Would you transcribe only the lines below, from the one containing "過零檢測電路由晶體管T14,變壓器B和二" through the end of the material, exactly and with no pictures?

Information provided: Begin

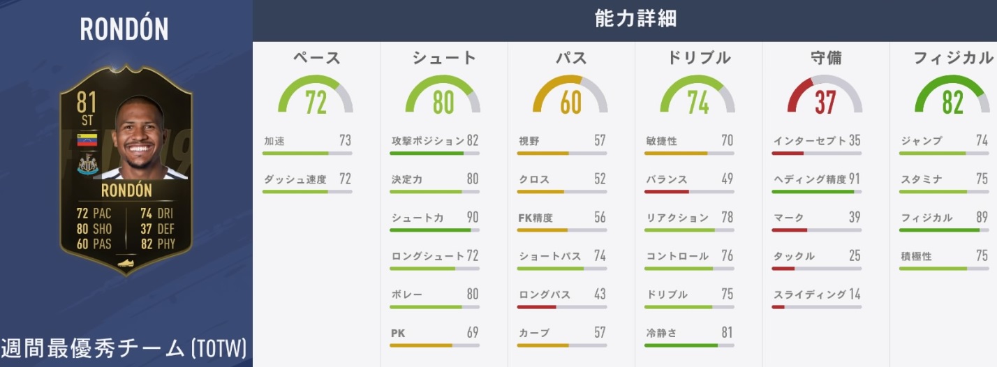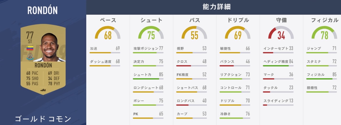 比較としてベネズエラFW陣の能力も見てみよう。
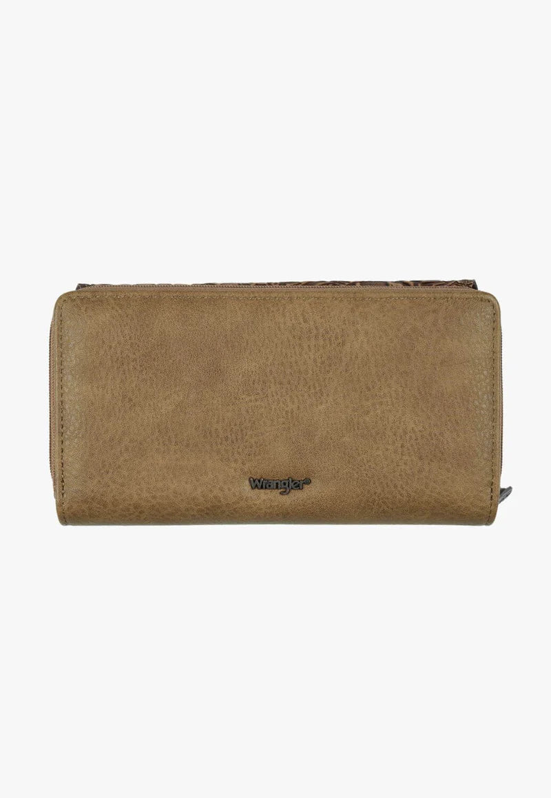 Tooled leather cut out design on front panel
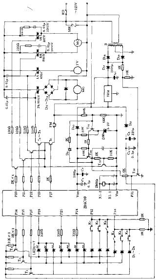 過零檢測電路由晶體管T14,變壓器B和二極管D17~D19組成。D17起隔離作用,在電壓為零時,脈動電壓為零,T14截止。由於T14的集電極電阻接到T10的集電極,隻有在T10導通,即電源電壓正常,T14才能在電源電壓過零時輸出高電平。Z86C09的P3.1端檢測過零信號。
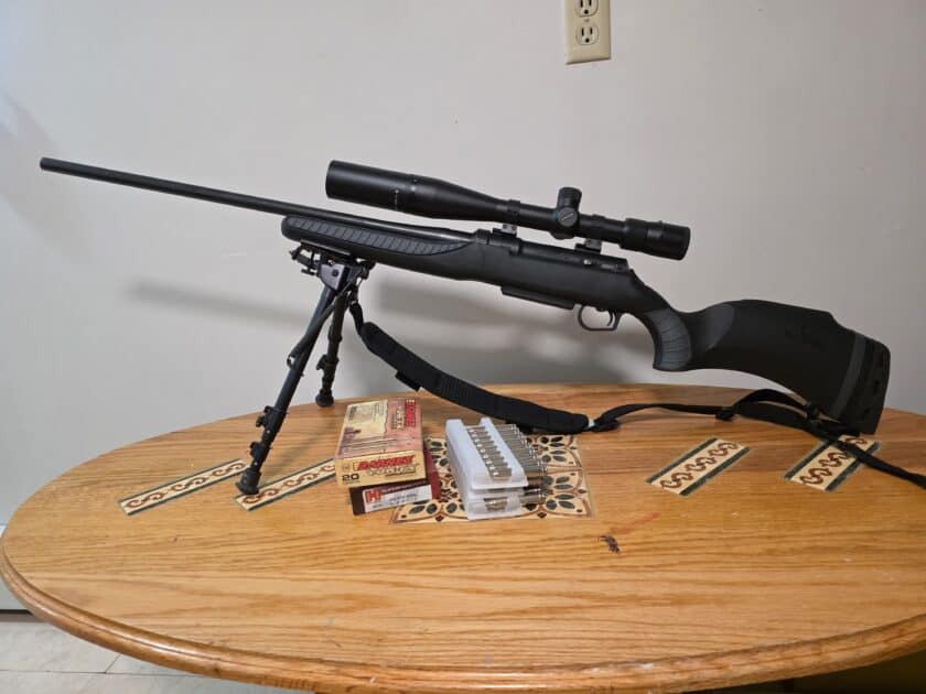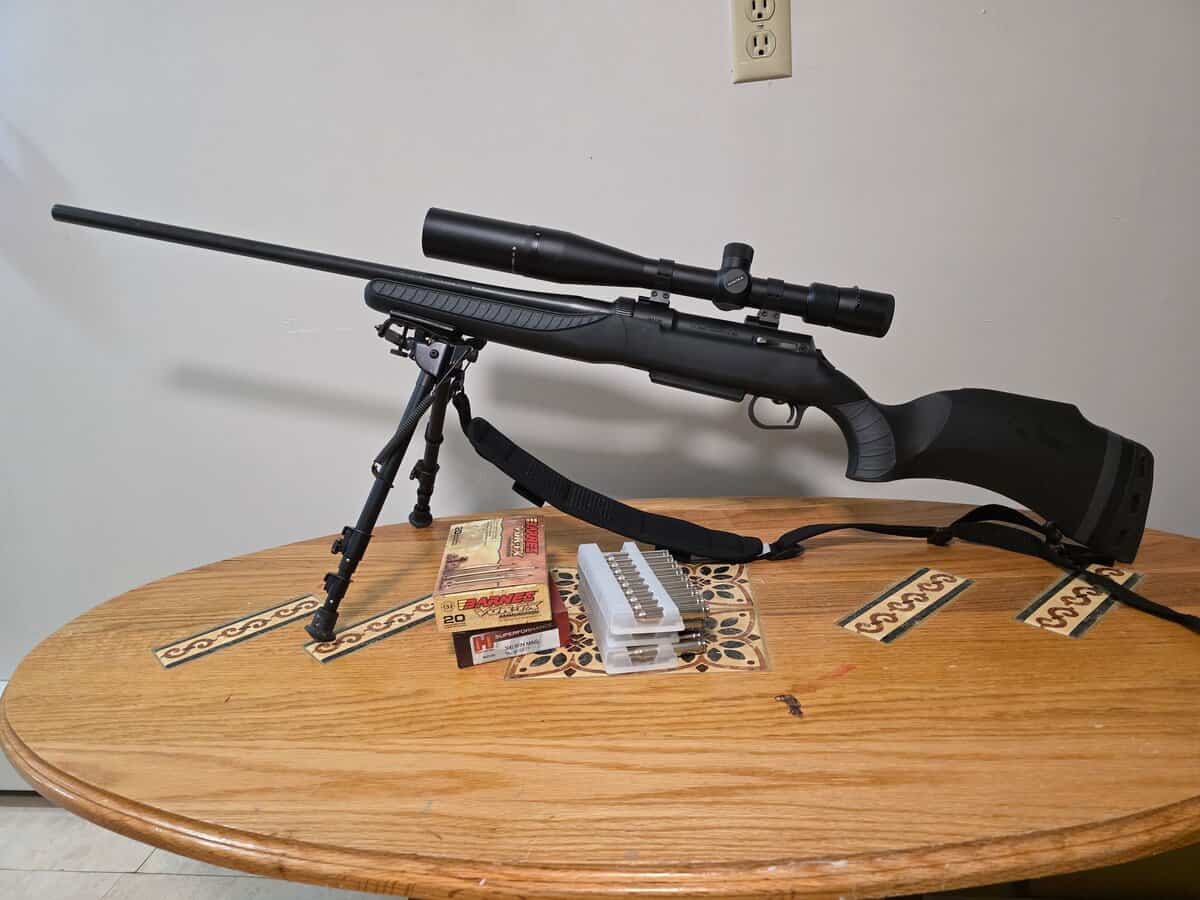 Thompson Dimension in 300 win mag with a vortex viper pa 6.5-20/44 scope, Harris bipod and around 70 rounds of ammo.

Information provided: End

== Solution ==
 過零檢測電路由晶體管T14,變壓器B和二極管D17~D19組成。D17起隔離作用,在電壓為零時,脈動電壓為零,T14截止。由於T14的集電極電阻接到T10的集電極,隻有在T10導通,即電源電壓正常,T14才能在電源電壓過零時輸出高電平。Z86C09的P3.1端檢測過零信號。
 Thompson Dimension in 300 win mag with a vortex viper pa 6.5-20/44 scope, Harris bipod and around 70 rounds of ammo.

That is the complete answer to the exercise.